┌─ SUPPLIED MATERIAL

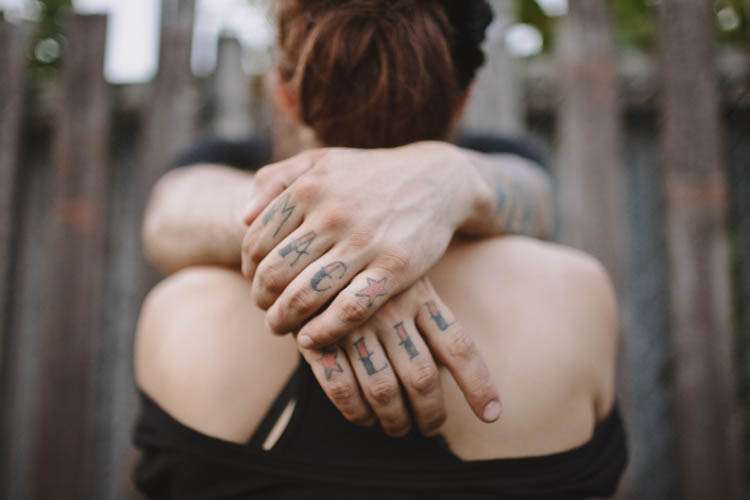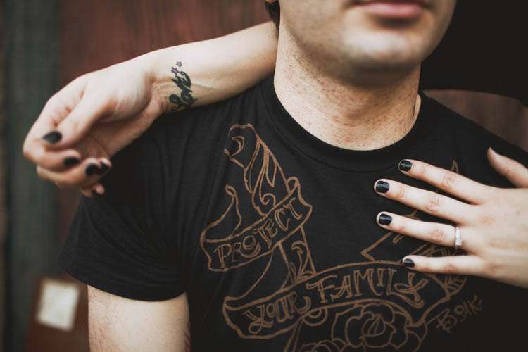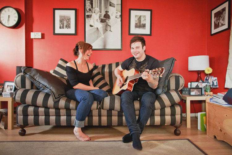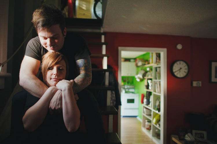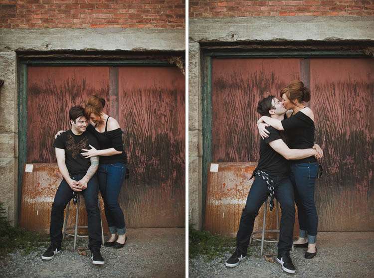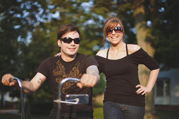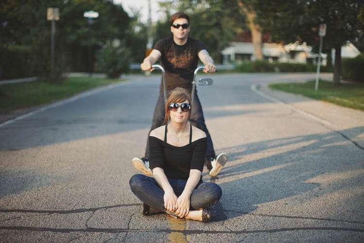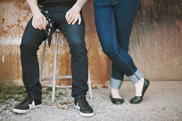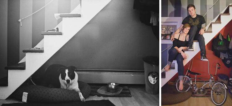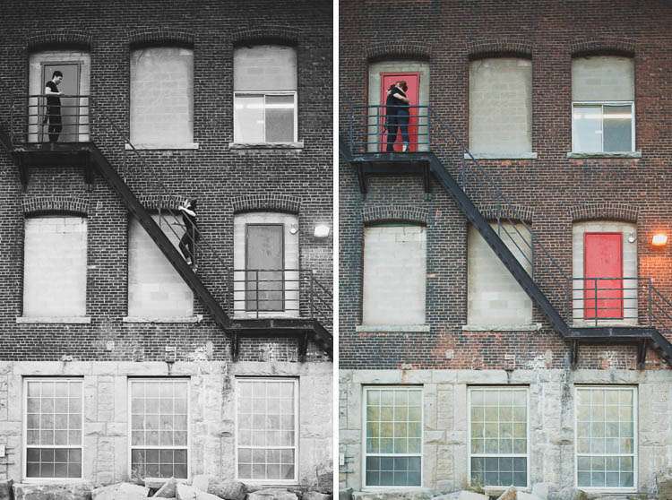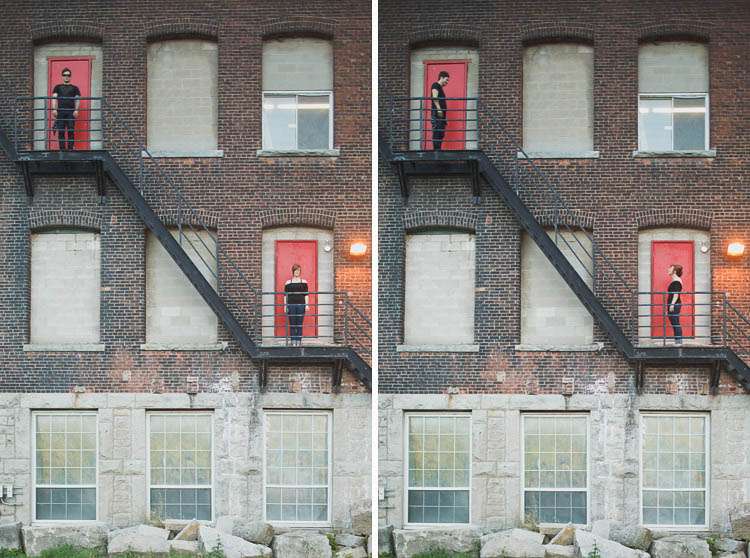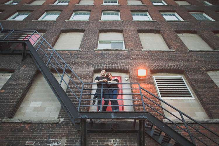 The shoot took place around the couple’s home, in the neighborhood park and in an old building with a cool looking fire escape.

└─
┌─ SUPPLIED MATERIAL

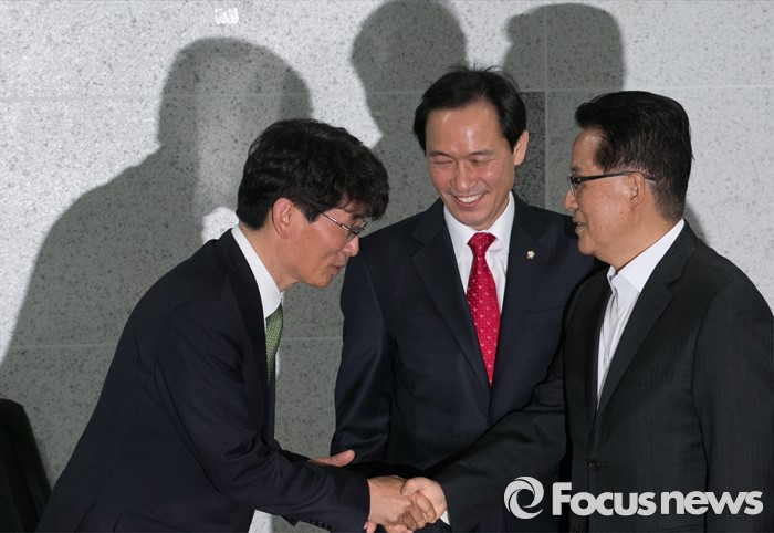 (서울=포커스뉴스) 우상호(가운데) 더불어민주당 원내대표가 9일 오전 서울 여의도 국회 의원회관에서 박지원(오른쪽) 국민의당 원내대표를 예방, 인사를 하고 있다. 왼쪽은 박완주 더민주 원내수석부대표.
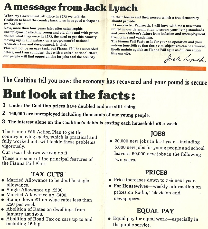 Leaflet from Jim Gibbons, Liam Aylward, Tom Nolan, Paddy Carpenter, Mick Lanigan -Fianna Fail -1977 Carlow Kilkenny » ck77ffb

└─

### EXERCISE PROMPT:
Nothing but the lines above from the line with "(서울=포커스뉴스) 우상호(가운데) 더불어민주당" up to and including the line with "Leaflet from Jim" should be returned, exactly as written and without pictures.

### RESPONSE:
 (서울=포커스뉴스) 우상호(가운데) 더불어민주당 원내대표가 9일 오전 서울 여의도 국회 의원회관에서 박지원(오른쪽) 국민의당 원내대표를 예방, 인사를 하고 있다. 왼쪽은 박완주 더민주 원내수석부대표.
 Leaflet from Jim Gibbons, Liam Aylward, Tom Nolan, Paddy Carpenter, Mick Lanigan -Fianna Fail -1977 Carlow Kilkenny » ck77ffb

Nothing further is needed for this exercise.